TL;DR Don’t make any assumptions when switching between libraries. Creating akka http requests without consuming responses will drain your connection pool.

My team recently encountered a strange behaviour in one of our microservices (service A): One of the workflows of the service involves:

  1. popping messages from a Kafka queue
  2. calling another service for data (service B)
  3. sending the data to another 3rd party service and then
  4. store the results in Postgres.

The decision was made to disable the call to that 3rd party service, but leave the general flow in place. So I removed the lines that would trigger and process communication with the 3rd party microservices.

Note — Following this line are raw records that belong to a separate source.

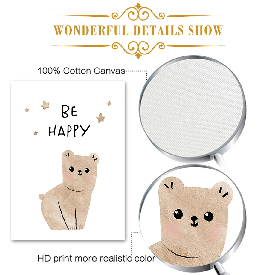 Милые Животные медведь лиса желтые цифры детская настенная Картина ...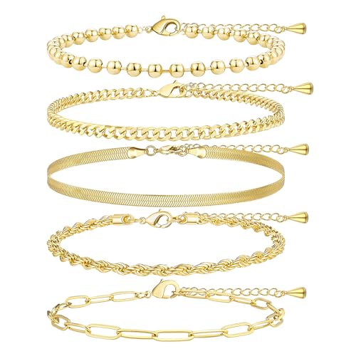 Gold Anklets for Women Gold,Layered Ankle Bracelets for Women Gold,Adjustable La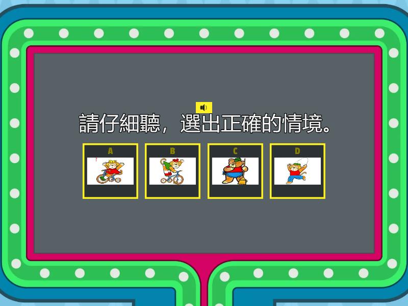 1) 請仔細聽,選出正確的情境。 a) b) c) d) 2) 請仔細聽,選出正確的情境。 a) b) c) d) 3) 請仔細聽,選出正確的情境。 a) b) c) d) 4) 請仔細聽,選出正確的情境。 a) b) c) d) 5) 請仔細聽,選出正確的情境。 a) b) c) d) 6) 請仔細聽,選出正確的情境。 a) b) c) d) 7) 請仔細聽,選出正確的情境。 a) b) c) d) 8) 請仔細聽,選出正確的情境。 a) b) c) d)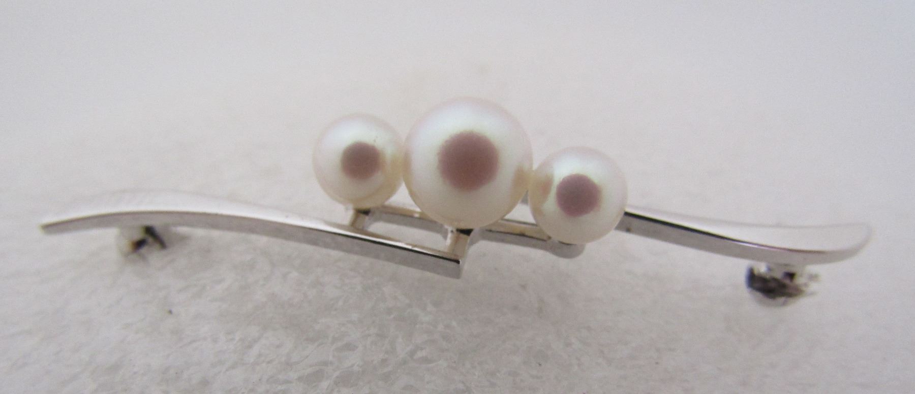 VINTAGE ESTATE GENUINE HALLMARKED MIKIMOTO STERLING SILVER BROOCH. 50MM LONG. WEIGHS 3 GRAMS. PIN WORKS FINE. USA SHIPPING $5.

After deploying this change, we experienced some trouble in an internal tool: 503 errors. We knew that the tool was calling service A, which was calling service B on the tool’s behalf (design flaw?). It took some time to identify the problem as Exceeded configured max-open-requests value of [...]. Looking at the akka http documentation we could exclude …

  • high latency
  • high throughput
  • server too slow
  • network too slow

… because the communication between service A and B is between two docker machines in the same network and has a relatively low throughput and small payloads. The monitoring of the server (service B) was also happy.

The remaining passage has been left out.